What you should do:
Copy out the data from the line containing "首先是更换双门喇叭。也是考虑" to its last line, exactly. No pictures.

Collected data:
****************

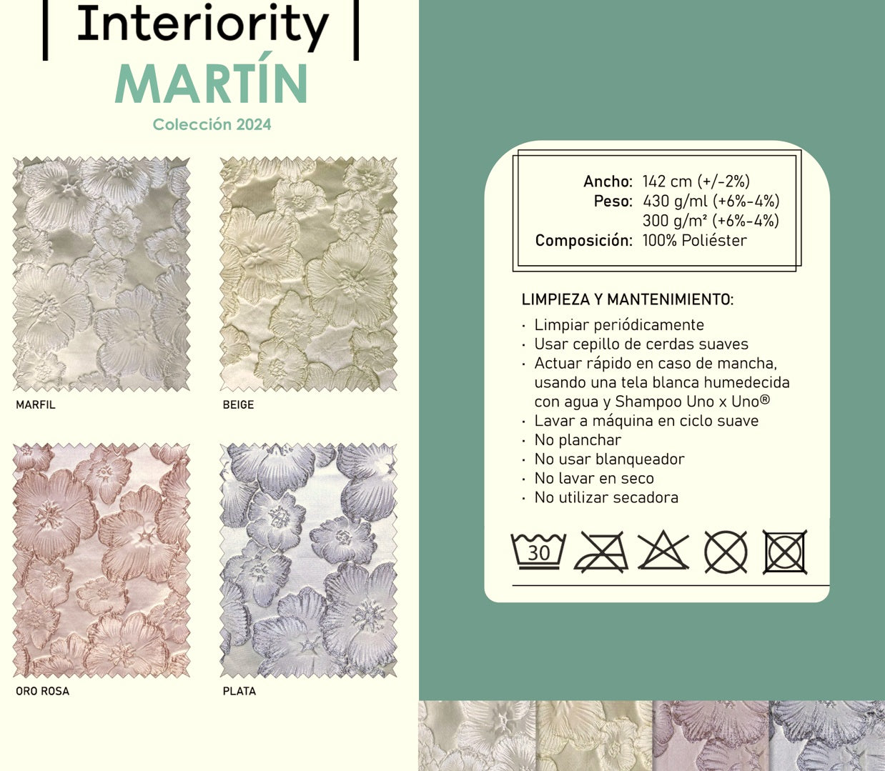 4 colores en carta: marfil, beige, oro rosa, plata.
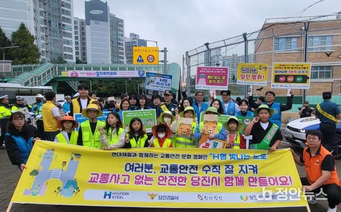 정안뉴스 황도연 기자 | 당진시는 지난 14일 탑동교차로 일원에서 ‘H형 빛나는 도로’ 사업의 일환으로 어린이 교통사고 예방 민관 합동 교통안전 캠페인을 실시했다고 15일 밝혔다.
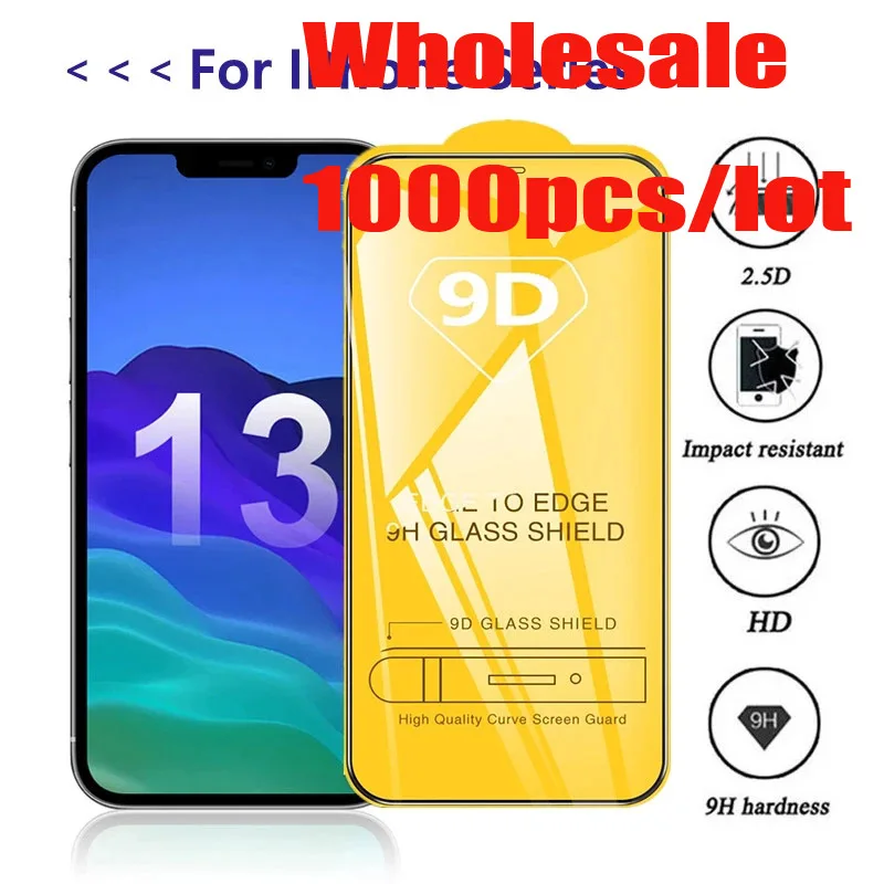 Закаленное стекло 9D с полным покрытием для IPhone 1000 шт.лот, стекло для iphone 13, 11 Pro Max, 13, mini, 12, стекло для IPhone 13pro, 11, 12 X, XR, XSmax, стекло
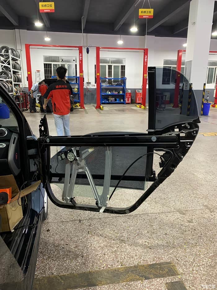 首先是更换双门喇叭。也是考虑了很久才决定换喇叭的,因为原来二手车的喇叭很破,实在忍不住,后来看到某平台有560元包安装的jbl双门喇叭服务,果断下单~看到门被拆开的时候,确是心疼,哈哈
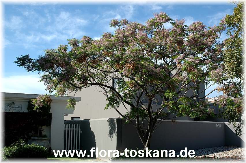 Hinweise: Paternosterbäume sind ausgesprochen genügsame Kübelpflanzen, die auch Pflegefehler nicht übel nehmen. In kalten Wintergärten ist er ein wertvoller, sommerlicher Schattenspender, der im Winter das Licht hereinlässt. Der Name rührt von den harten Samen her, die man früher zu Rosenkränzen verarbeitete.
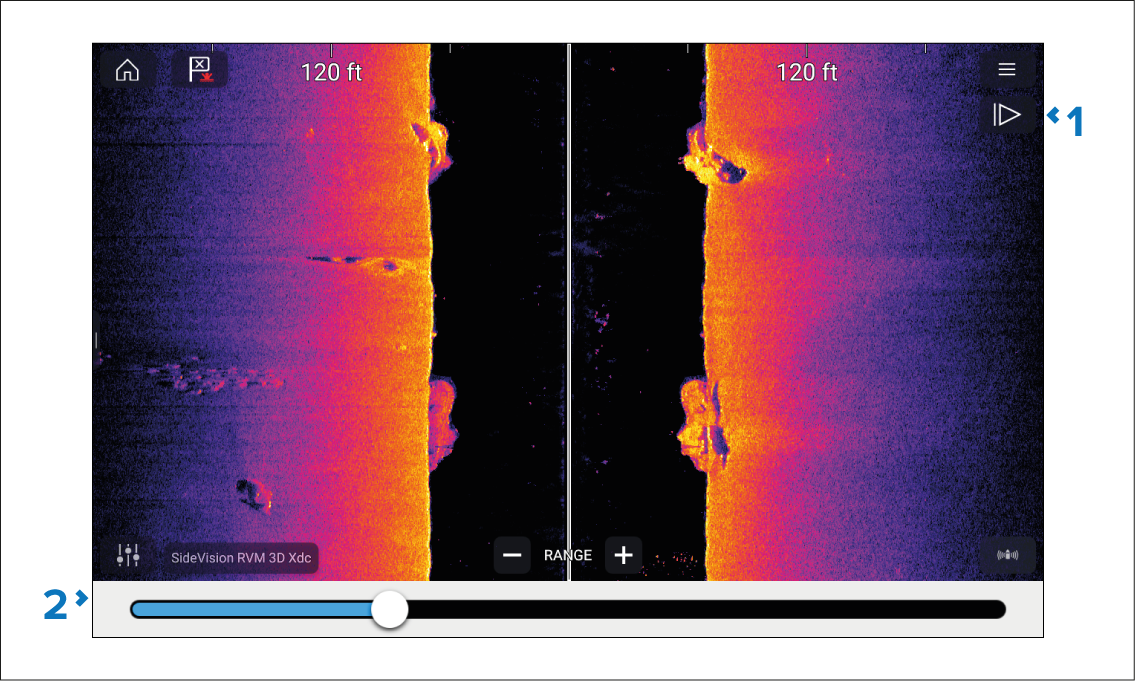 Scroll back bar — Use this to move back and forward through the available sonar history. You can either drag the position indicator right or left or select a specific location on the bar to jump to that position.

****************

Your response:
 首先是更换双门喇叭。也是考虑了很久才决定换喇叭的,因为原来二手车的喇叭很破,实在忍不住,后来看到某平台有560元包安装的jbl双门喇叭服务,果断下单~看到门被拆开的时候,确是心疼,哈哈
 Hinweise: Paternosterbäume sind ausgesprochen genügsame Kübelpflanzen, die auch Pflegefehler nicht übel nehmen. In kalten Wintergärten ist er ein wertvoller, sommerlicher Schattenspender, der im Winter das Licht hereinlässt. Der Name rührt von den harten Samen her, die man früher zu Rosenkränzen verarbeitete.
 Scroll back bar — Use this to move back and forward through the available sonar history. You can either drag the position indicator right or left or select a specific location on the bar to jump to that position.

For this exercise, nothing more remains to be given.